The Brodsky Quartet has, for decades, been one of the most adventuresome chamber ensembles around, collaborating with artists as diverse as Elvis Costello and Bjork.
In Auckland, an appreciative audience enjoyed a cleverly devised programme based around fugue, that dauntingly complex musical form that many associate with Bach. Two movements from Bach's The Art of Fugue effortlessly released the musical soul from a score originally written as something of a cerebral challenge, strikingly so when the composer references the airy and elegant French style of his day.
After a dramatic account of a late Mozart Adagio and Fugue, pitting sonorous grandeur against fugal forcefulness, it was time for talk. The group's genial violist Paul Cassidy spoke of Auckland's changing skyline and how fugue had inspired some composers to create their finest work. An illustration of this came with a Mendelssohn fugue, one of his last compositions, which glowed with a sweet blend of serenity and intensity.

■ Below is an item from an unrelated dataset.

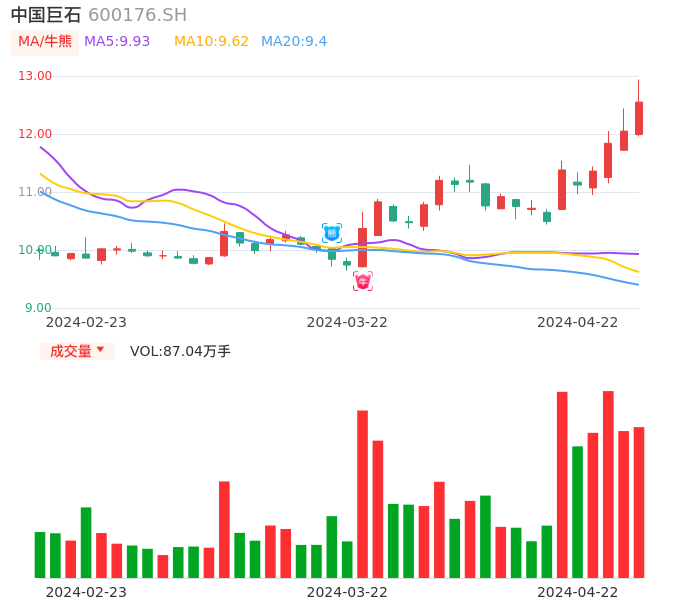 04月22日,中国巨石收报12.55,股价涨幅4.15%,成交金额10.80亿元,换手率2.17%。
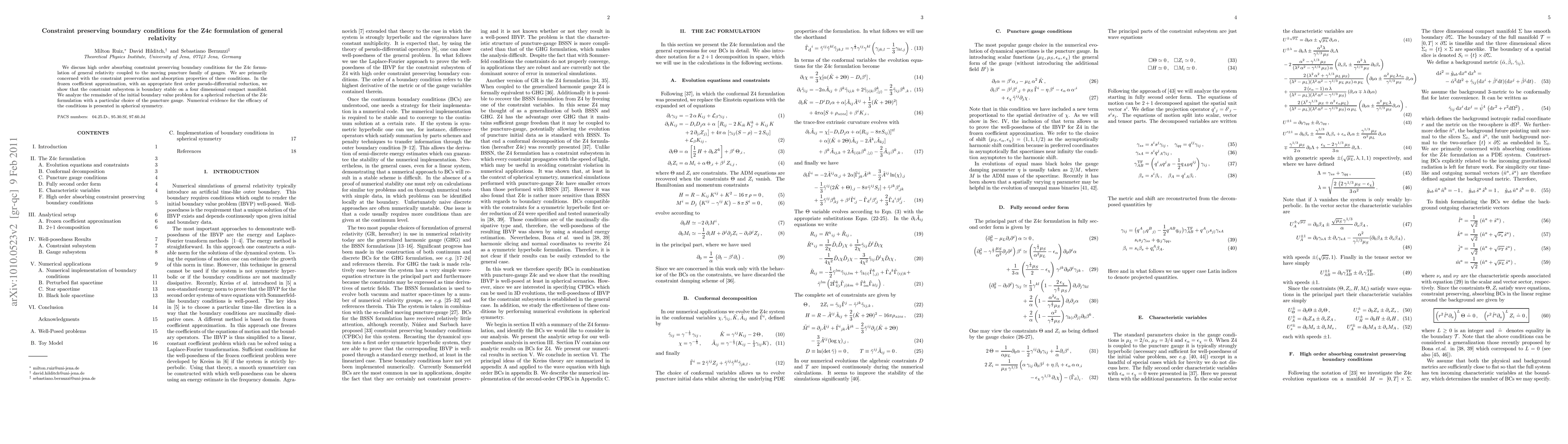 We discuss high order absorbing constraint preserving boundary conditions for the Z4c formulation of general relativity coupled to the moving puncture family of gauges. We are primarily concerned with the constraint preservation and absorption properties of these conditions. In the frozen coefficient approximation, with an appropriate first order pseudo-differential reduction, we show that the constraint subsystem is boundary stable on a four dimensional compact manifold. We analyze the remainder of the initial boundary value problem for a spherical reduction of the Z4c formulation with a particular choice of the puncture gauge. Numerical evidence for the efficacy of the conditions is presented in spherical symmetry.

Beethoven's great Grosse Fuge must have been an inevitable inclusion in the selection, a sprawling display of ingenuity that had grown too big to fit within the quartet for which it had been intended.
The Brodskys' new first violinist, Gina McCormack, took an impressive lead through pages of striving fury, edging from allegro to allegro molto; yet there was also a rare poetry to be heard in the immaculately modulated murmurings of a central section.